> **Activity**
Include in the reply only the lines from the start of the data below through the line containing "The main function", reproduced exactly and with no pictures.

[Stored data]
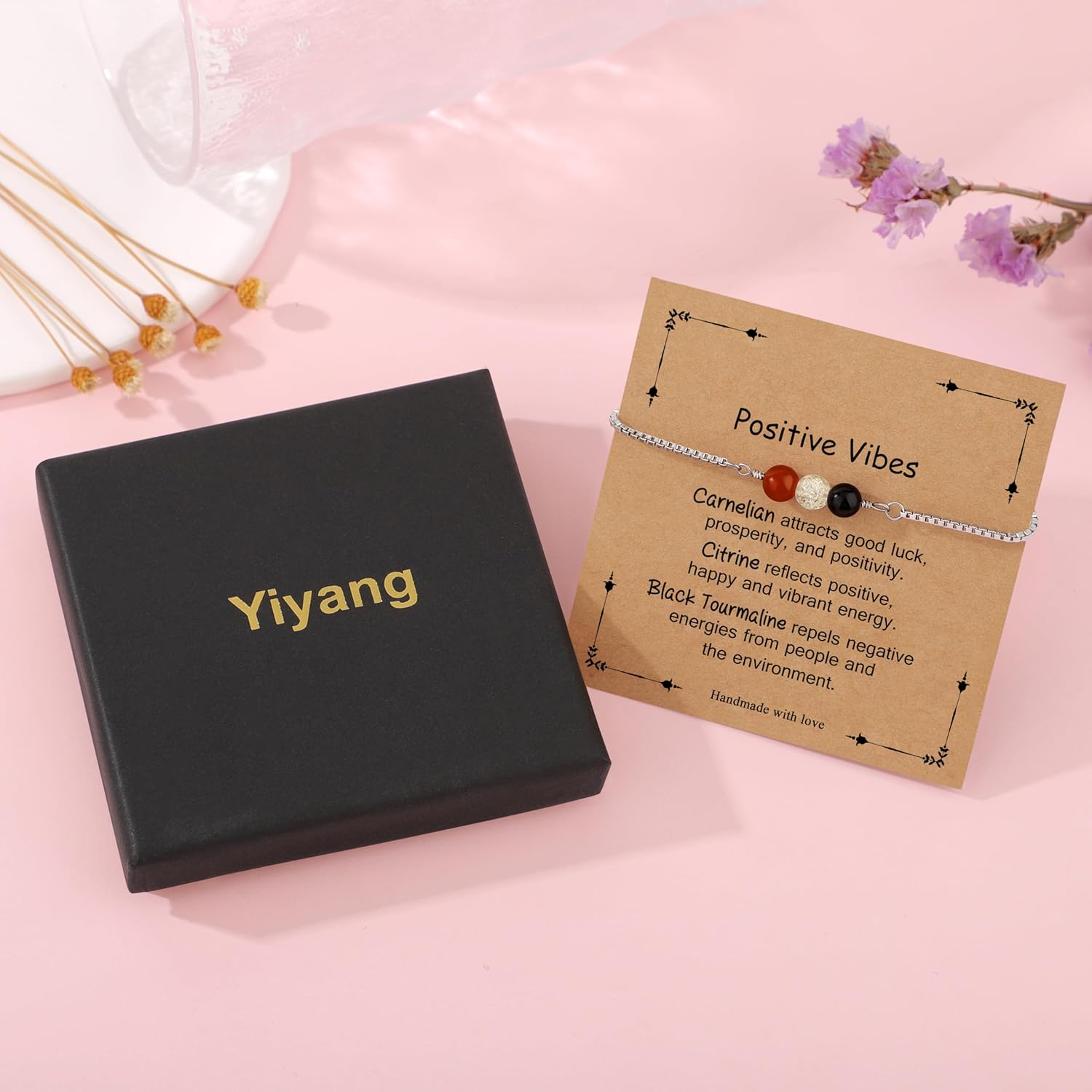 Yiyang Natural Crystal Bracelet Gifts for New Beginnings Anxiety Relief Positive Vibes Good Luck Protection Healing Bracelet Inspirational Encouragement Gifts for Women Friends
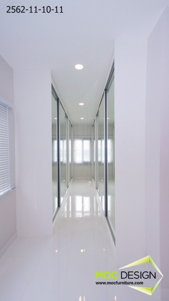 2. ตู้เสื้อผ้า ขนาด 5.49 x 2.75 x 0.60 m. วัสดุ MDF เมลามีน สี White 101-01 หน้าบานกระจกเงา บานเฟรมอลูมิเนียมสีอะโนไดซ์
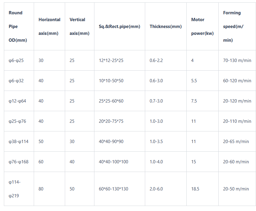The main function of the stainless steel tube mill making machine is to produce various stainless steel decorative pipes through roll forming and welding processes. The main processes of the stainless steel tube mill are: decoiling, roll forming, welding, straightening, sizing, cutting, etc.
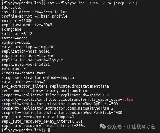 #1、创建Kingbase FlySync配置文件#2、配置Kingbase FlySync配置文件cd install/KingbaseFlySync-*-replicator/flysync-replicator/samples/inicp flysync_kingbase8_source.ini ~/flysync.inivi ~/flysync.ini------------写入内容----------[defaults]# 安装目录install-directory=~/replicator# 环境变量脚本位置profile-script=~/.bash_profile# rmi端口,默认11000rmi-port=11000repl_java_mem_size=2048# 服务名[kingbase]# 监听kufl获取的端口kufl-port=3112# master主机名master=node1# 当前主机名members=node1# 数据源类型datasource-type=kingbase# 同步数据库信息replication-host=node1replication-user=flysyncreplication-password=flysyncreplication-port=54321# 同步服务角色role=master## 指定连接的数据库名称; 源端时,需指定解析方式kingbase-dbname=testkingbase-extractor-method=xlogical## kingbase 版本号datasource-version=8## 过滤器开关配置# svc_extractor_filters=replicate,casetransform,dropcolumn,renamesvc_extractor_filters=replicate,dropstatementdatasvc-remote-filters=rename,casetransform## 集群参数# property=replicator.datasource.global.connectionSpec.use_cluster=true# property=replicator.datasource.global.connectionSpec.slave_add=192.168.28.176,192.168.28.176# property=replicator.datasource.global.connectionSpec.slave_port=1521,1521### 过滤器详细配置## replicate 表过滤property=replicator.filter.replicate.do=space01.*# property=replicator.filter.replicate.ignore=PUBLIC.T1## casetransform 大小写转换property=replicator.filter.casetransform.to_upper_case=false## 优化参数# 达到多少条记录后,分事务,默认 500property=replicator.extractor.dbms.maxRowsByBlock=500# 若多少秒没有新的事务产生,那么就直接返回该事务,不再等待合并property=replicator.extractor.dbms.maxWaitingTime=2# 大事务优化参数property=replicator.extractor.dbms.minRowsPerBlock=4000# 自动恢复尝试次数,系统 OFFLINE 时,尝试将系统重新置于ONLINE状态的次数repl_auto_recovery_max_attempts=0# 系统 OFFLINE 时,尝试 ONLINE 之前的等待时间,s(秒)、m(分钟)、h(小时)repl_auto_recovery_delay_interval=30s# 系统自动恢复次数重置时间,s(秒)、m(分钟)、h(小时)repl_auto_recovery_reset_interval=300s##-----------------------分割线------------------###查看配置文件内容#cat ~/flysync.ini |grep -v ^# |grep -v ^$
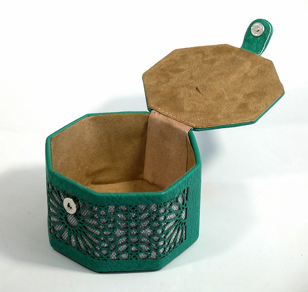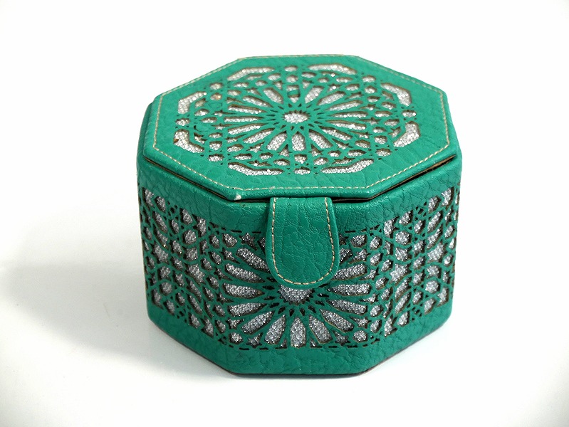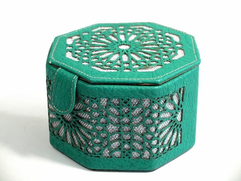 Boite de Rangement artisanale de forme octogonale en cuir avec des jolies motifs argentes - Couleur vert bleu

> **Answer for the task**
 Yiyang Natural Crystal Bracelet Gifts for New Beginnings Anxiety Relief Positive Vibes Good Luck Protection Healing Bracelet Inspirational Encouragement Gifts for Women Friends
 2. ตู้เสื้อผ้า ขนาด 5.49 x 2.75 x 0.60 m. วัสดุ MDF เมลามีน สี White 101-01 หน้าบานกระจกเงา บานเฟรมอลูมิเนียมสีอะโนไดซ์
The main function of the stainless steel tube mill making machine is to produce various stainless steel decorative pipes through roll forming and welding processes. The main processes of the stainless steel tube mill are: decoiling, roll forming, welding, straightening, sizing, cutting, etc.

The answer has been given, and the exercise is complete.